"Kryzysowe domino" średnich i dużych firm. Na czym polega?
Dla średnich i dużych firm ryzykiem jest „kryzysowe domino”, gdy upadłość jednej spółki powoduje problemy kolejnych – wskazali autorzy raportu „Upadłości i restrukturyzacje”. Jak dodali, takiego scenariusza w perspektywie dwóch lat obawia się 64 proc. ankietowanych menedżerów.
22 proc. badanych członków zarządów średnich i dużych przedsiębiorstw działających w Polsce wyraża obawy, że ich organizacja będzie zmuszona w perspektywie dwóch lat ogłosić upadłość. W tej grupie 12 proc. twierdzi, że widzi takie ryzyko w ciągu najbliższego roku, a jeden na sto obawia się, że stanie się to już w najbliższym półroczu. 55 proc. ankietowanych twierdzi, że ryzyko upadłości w ich przypadku nie istnieje.
W raporcie wskazano, że realnym zagrożeniem dla przedsiębiorstw jest nie tylko ryzyko utraty własnej płynności finansowej, ale też upadłość partnerów handlowych (np. dostawców czy klientów), która potencjalnie może przerodzić się w inne poważne problemy, np. zatory płatnicze. 35 proc. średnich i dużych firm w Polsce doświadczyło utraty płynności przez istotnego partnera. W przypadku samych przedsiębiorstw średniej wielkości odsetek ten jest wyższy – wynosi 37 proc.

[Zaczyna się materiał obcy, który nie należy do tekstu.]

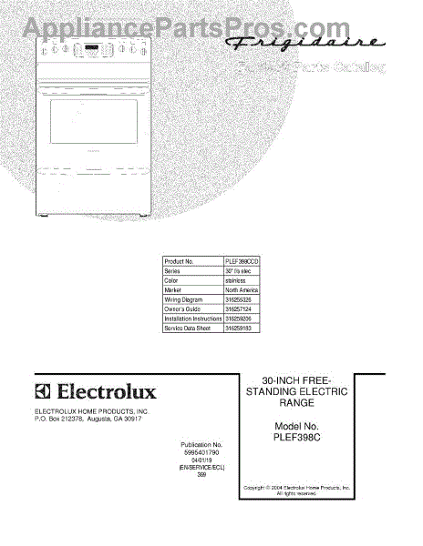 Parts for Frigidaire PLEF398CCD: 01 - Cover Parts

Jak podkreślono, dla większości firm, które doświadczyły pośrednio upadłości, nie był to jednostkowy przypadek. 63 proc. takich przedsiębiorstw zadeklarowało, że w ostatnich 24 miesiącach odnotowało od dwóch do pięciu przypadków upadłości istotnych klientów i dostawców, a kolejne 23 proc. twierdzi, że było to więcej niż pięć przypadków.
Wyniki badania pokazują, że dla średnich i dużych firm w Polsce obecnie dużym ryzykiem jest „kryzysowe domino”, czyli sytuacja, w której upadłość jednej firmy powoduje problemy płynnościowe kolejnych, zwłaszcza dostawców i odbiorców. 64 proc. ankietowanych menedżerów wyraziło obawę, że w perspektywie najbliższych 24 miesięcy padnie ofiarą takiego zjawiska. W tej grupie znacząca część (12 proc. całej próby ankietowanych) określiła to ryzyko jako „bardzo realne”, czyli - jak wskazali autorzy raportu - prawdopodobnie już teraz ich partnerzy biznesowi zmagają się z problemami płynnościowymi. Jeden na pięciu szefów średnich i dużych firm zadeklarował, że to ryzyko go nie dotyczy.
Ostatnie lata wyraźnie nadwyrężyły finanse działających w Polsce przedsiębiorców. Pandemia COVID-19, wielomiesięczny lockdown, wysoka inflacja i podwyżki stóp procentowych doprowadziły do długotrwałego zmniejszenia stopnia rentowności przedsiębiorstw, niejednokrotnie prowadząc do problemów z terminowym regulowaniem bieżących zobowiązań” - skomentował doradca restrukturyzacyjny w kancelarii Filipiak Babicz Legal sp.k. Hubert Zieliński.
W badaniu członków zarządów średnich i dużych firm zapytano też, jaką mają wiedzę prawną nt. upadłości. Dwie trzecie badanych przyznało, że nie wie, w jakiej sytuacji może wnosić o upadłość. 52 proc. przyznało, że nie jest świadoma konsekwencji braku ogłoszenia upadłości w terminie. 48 proc. zadeklarowało, że zdaje sobie sprawę, iż odpowiada za upadłość kierowanej przez siebie firmy osobistym majątkiem.
Badanie zostało przeprowadzone w kwietniu przez firmę Biostat na zlecenie zespołu Kancelarii Prawnej firmy Grant Thornton oraz kancelarii Filipiak Babicz Legal sp.k., na próbie 100 członków zarządu średnich i dużych (powyżej 50 pracowników) firm prywatnych działających na terenie Polski. Ankieta była prowadzona metodą CATI, czyli bezpośrednich wywiadów telefonicznych.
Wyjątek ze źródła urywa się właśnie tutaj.